Интересно, что ее скорбные ноты совершенно не тронули меня в том смысле, что не смогли поколебать моего праздничного настроения, ибо, наслаждаясь первыми минутами новой жизни, полной официальной силы и официального права, я целиком был погружен в себя настолько, что сам генерал Цвибышев стал лишь приложением ко мне – его сыну, с которым жизнь начинала, как я тогда понимал, расплачиваться.
– К сожалению, – сказала Вера Петровна, – до официального решения трибунала мы не можем заняться полагающейся вам денежной компенсацией в размере двухмесячного заработка отца… А также жильем, если вы в нем нуждаетесь… У вас было сколько комнат?
– Три, – сказал я, – это я помню.
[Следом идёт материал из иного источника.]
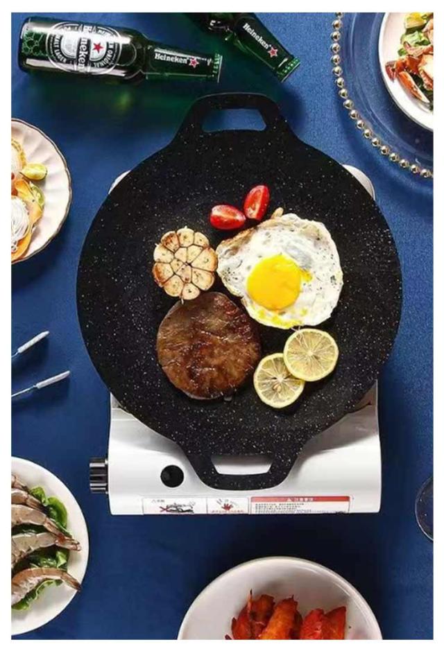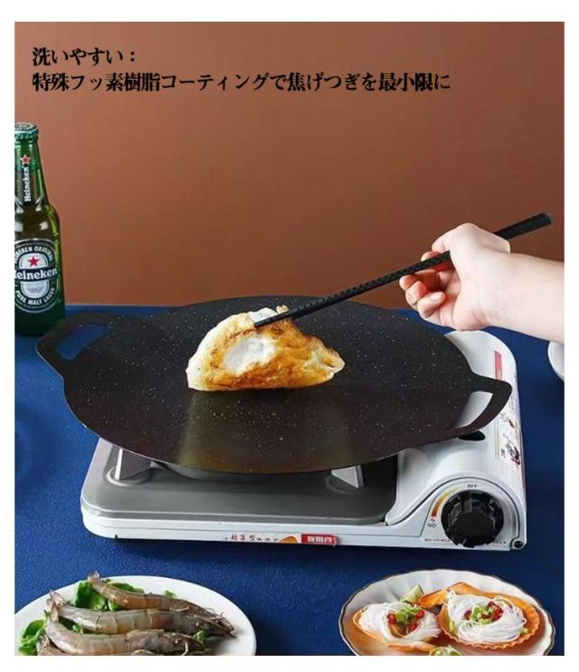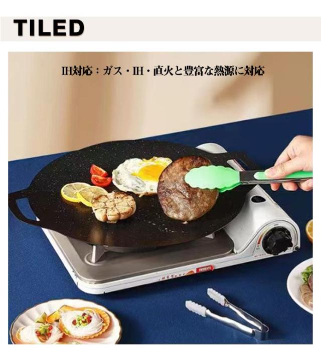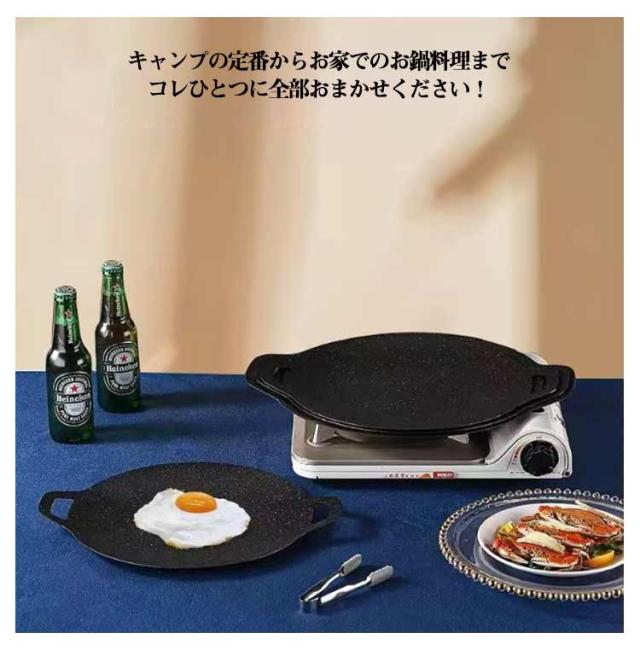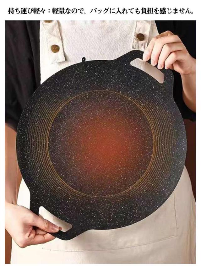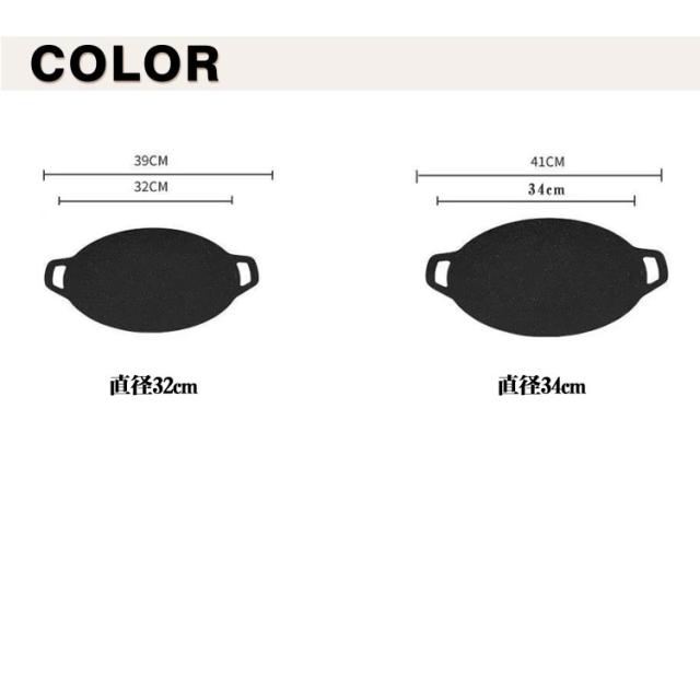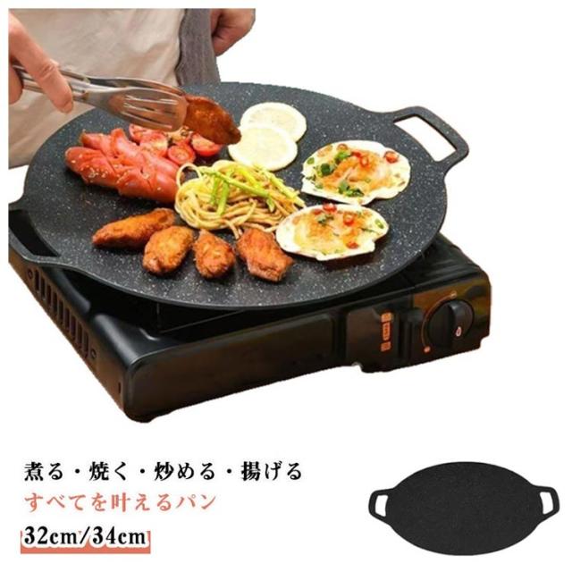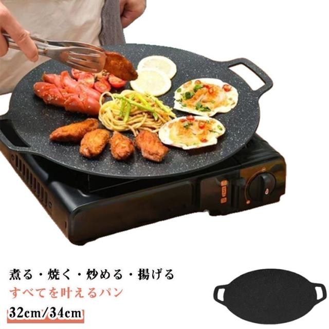 丸形 ラウンドグリドル パン IH対応 ガス火 パン グリルパン キャンプ 鉄板 グリルプレート 焼肉プレート アウトドア バーベキュー 直径32cm/34cm 家庭 焼く 揚げる 炒める 煮る 洗いやすい お手入れ簡単

Но дело вот в чем… Сейчас я, временно разумеется, проживаю (я не то что не хотел, я не мог допустить, чтоб в новом моем положении тяжба за ночлег даже сформулирована была по-прежнему)… Я занимаю площадь ведомства, где не работаю, ибо готовлюсь в университет… Вопрос стоит так, чтобы до получения причитающегося мне жилья я мог бы спокойно жить там.
– Мы всем возможным будем вам помогать, – сказала Вера Петровна. – Что надо сделать?
– Вот, – сказал я, написав ей номер телефона, – некий Маргулис там руководит.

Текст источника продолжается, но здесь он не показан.